Note that it is not necessary to apply tension to the thin metal wire that extends to the opening at the electron gun side end of the inner shield.

[Effect of the Invention] An inner shield made of a ferromagnetic metal is provided so as to surround an electron beam passage area between the shadow mask and the electron gun, and a ferromagnetic metal thin wire is provided at an opening of the inner shield on the electron gun side. By arranging a mesh or a thin wire row consisting of, the inner shield and the mesh or the thin wire row can shield the space inside the inner shield against an external magnetic field so as not to affect the landing of the electron beam,
Landing deviation due to terrestrial magnetism can be reduced to a level that does not cause any practical problem, and deterioration in color purity can be eliminated. Therefore, even in a high-definition color picture tube in which a color shift occurs in the conventional inner shield, the influence of the terrestrial magnetism can be reduced to a state where there is no problem. In addition, the present invention can be applied to a color picture tube for an in-vehicle or an airplane required to keep the absolute amount of a landing deviation due to terrestrial magnetism small.

[Brief description of the drawings]

FIGS. 1 to 4 are explanatory views of an embodiment of the present invention. FIG. 1 is a view showing the structure of a color picture tube according to an embodiment of the present invention.
FIG. 3 is a perspective view showing the structure of the inner shield, FIGS. 3 and 4 are perspective views showing the structure of the inner shield of another embodiment different from each other, and FIG. 5 is a view showing the structure of a conventional color picture tube. , FIG. 6 is a perspective view showing the structure of the inner shield, and FIGS. 7 (a) and 7 (b) show the movement of the beam sbot by the tube axial component of the magnetic flux density and the movement of the beam sbot by the vertical component, respectively.
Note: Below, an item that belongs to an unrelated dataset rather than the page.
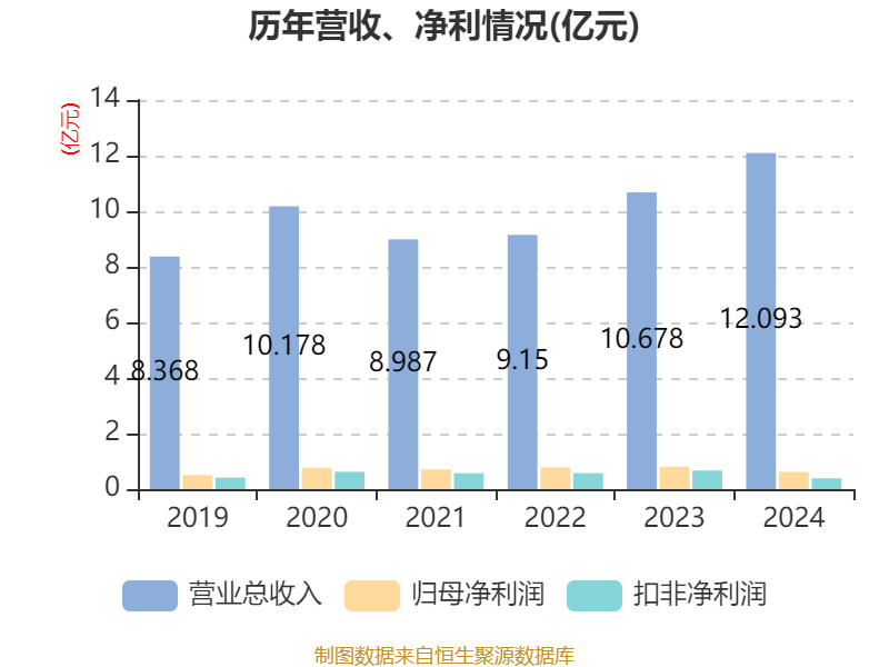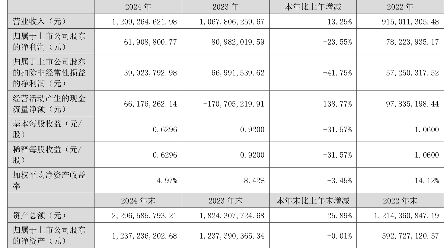 中证智能财讯世纪恒通(301428)4月26日披露2024年年度报告。2024年,公司实现营业总收入12.09亿元,同比增长13.25%;归母净利润6190.88万元,同比下降23.55%;扣非净利润3902.38万元,同比下降41.75%;经营活动产生的现金流量净额为6617.63万元,上年同期为-1.71亿元;报告期内,世纪恒通基本每股收益为0.6296元,加权平均净资产收益率为4.97%。公司2024年度分配预案为:拟向全体股东每10股派现1元(含税)。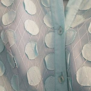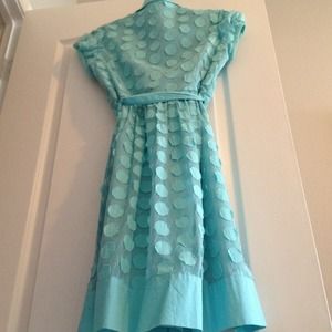 Worn once (to my bridal shower). Beautiful overlay detail. Collared with a fabric tie. Awesome color.

FIG. 8 is a perspective view of a substantially rectangular hollow trapezoidal inner shield in which a V-shaped cut is formed on a short side, and FIG.
FIGS. 10 to 12 are a plan view, a front view, and a perspective view showing different conventional inner shields, respectively, for explaining the operation of the inner shield having the V-shaped cuts formed therein. DESCRIPTION OF SYMBOLS 1 ... Panel 2 ... Funnel 3 ... Phosphor screen 4 ... Shadow mask, 6 ... Electron gun 7 ... Deflection yoke, 8 ... Cone section 14 ... V-shaped cut, 21 ... Inner shield 22 ... mesh, 25 ... fine line

Claims (1)

(57) [Claims] 1. A phosphor screen, comprising: a shadow mask positioned close to and opposed to the phosphor screen; and an electron gun for emitting an electron beam for scanning the phosphor screen. In a color picture tube provided with an inner shield made of a ferromagnetic metal so as to surround an electron beam passage area between the mesh, a mesh made of a ferromagnetic metal thin wire or A color picture tube characterized by having a thin line array.